David Hutchings, head of research, said: “The market remains strong but it is clear that some investors are at the very least getting more pre-occupied with a range of other issues and this has led to a slight pull-back in enthusiasm over the past month.”
“The primary investor concern is probably now the approaching election but not perhaps just because of uncertainty as to who may be in power but more due to the fact that necessary decisions are being delayed. The sooner we know where the spending axe will fall and what taxes will rise, the sooner occupiers and investors can plan accordingly and get on with securing the recovery for their businesses.”

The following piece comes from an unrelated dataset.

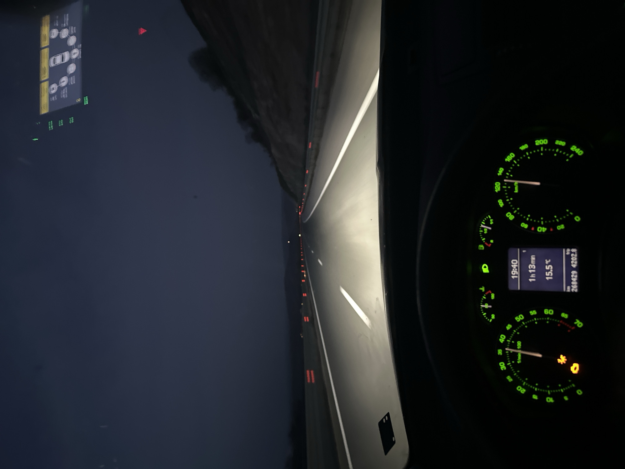 A nighttime view from inside a car, driving on a highway. The dashboard glows green, showing a speed of approximately 130 km/h. Additional gauges display time, engine revs, and temperature (15.5°C). Headlights illuminate the road ahead, marked by white lines. A head-up display projects vehicle information onto the windshield, including a radar of other vehicles. The road stretches into the distance, lined with reflectors. The sky is dark.
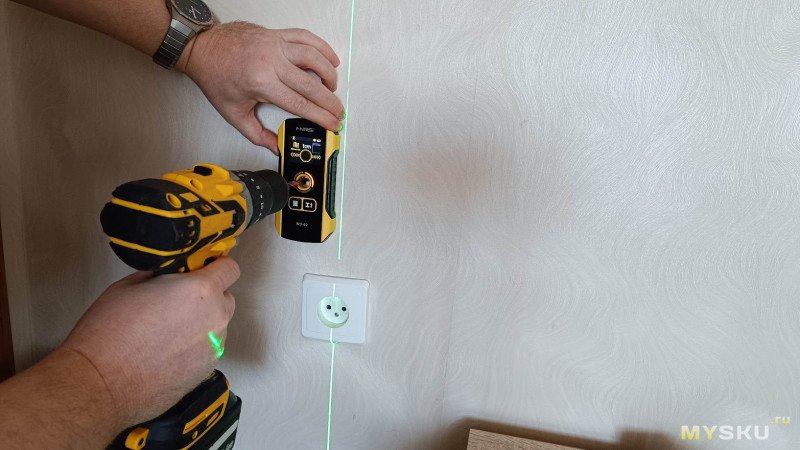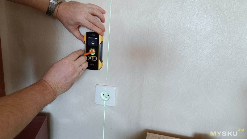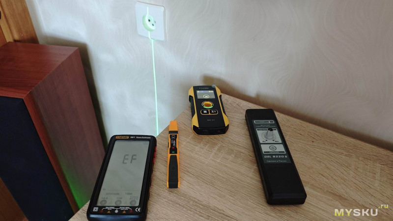 Искать будем проводку, ведущую к розетке. Я точно знаю трассу её прохождения, поэтому подсвечу её лучом лазерного уровня. FNIRSI WD-02 готов приступить к финальному испытанию вместе с остальными соперниками.

Cushman & Wakefield, which notes that the really hot money is still focused on the West End and City of London, says yields for prime property edged down a further 5bp in March to an average of 5.85%, their lowest since May 2008. Yields have now fallen 153bp since the market low-point one year ago but are still up 142bp since the market peaked in 2007, the group notes.
While margins are coming under pressure amid increasing competition to lend, which is leading some lenders to consider riskier propositions, many borrowers are still struggling to compete with equity buyers and the group says it is clear that many vendors still prefer to deal with equity rather than debt buyers, “to ensure a speedy and certain trade”.